I just got replacement parts from Moebius for my warped floor and ceiling soffit. They asked for pics of the messed up parts (which is valid) and charged me the exact postage to get the parts to me. They were great, and professional. I'd get in touch with them on their site, and get the parts you need.

KK


----------



## bert model maker (Feb 19, 2002)

thanks guys i will do that ! chuck edds, where was your hull wrarped ? is it curved upward at the edge ?


----------



## Moebius (Mar 15, 2007)

bert model maker said:


> now that the hulls are forced together, thats when the white mark was created and i feel a slight outward bulge. I hope the pin doesn't bust through. I can only get a store credit and this is the ONLY hobbyshop in this half of the state that carries moebius and they said they will send back all of their jupiter 2 stock before they will open them to check because they will not sell once opened they say. they said if i exchange it and find the same problem OR worse, they will discontinue all moebius products in their store, & i don't want that to happen so i need to be careful on handling this. if i keep it i will have to cement the hulls together or it WILL break the pins at some time having to be forced closed each time it is opened to view all detailing. this is like Lunar models all over again with their jupiter 2 hulls poor fit.

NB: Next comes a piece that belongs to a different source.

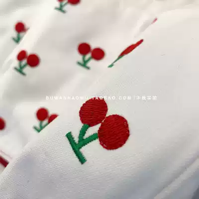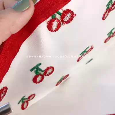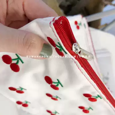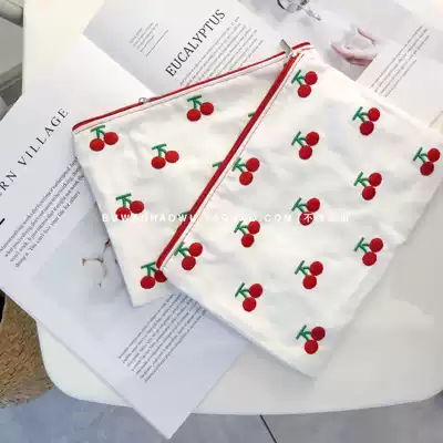 ins good things) Cute cherry embroidered canvas cosmetic bag storage bag ()

Nothing needs to be forced together. Sounds like there is a problem, best thing to do is contact Angela and arrange for parts replacement. If there's a lot of problems with it, send it back to us and we'll send you a new kit. This isn't a common problem. It's just a fluke from the factory. I can't imagine where any kits have been laying out in hot sun as suggested. It's even freezing down here in Florida!


----------



## Moebius (Mar 15, 2007)

bert model maker said:


> a store credit at the hobbyshp is useless to me because it will not get me a replacement jupiter 2. they must have had a return too many since they stopped ordering moebius products for now.


I guess I can't stress it enough, if you have a problem, we'll replace. Too many returns? Not a single one returned through a retailer or distributor yet!


----------



## g_xii (Mar 20, 2002)

*OK folks -- this one has gone far enough! Moebius has excellent customer service, and I just spoke with Dave Metzner who has assured me it is being taken care of. *

*Let's spend a bit more time discussing model building than one damaged kit, ok?*

*I've deleted all the extra threads and suggestions, and I'm simply leaving the remainder as a footnote as to what to do if you have a defective part. *

*Thanks to all who contributed to the thread, and no insult or censorship is intended here -- it was just going too far out into left field!*

*Thanks,*

*--Henry*


----------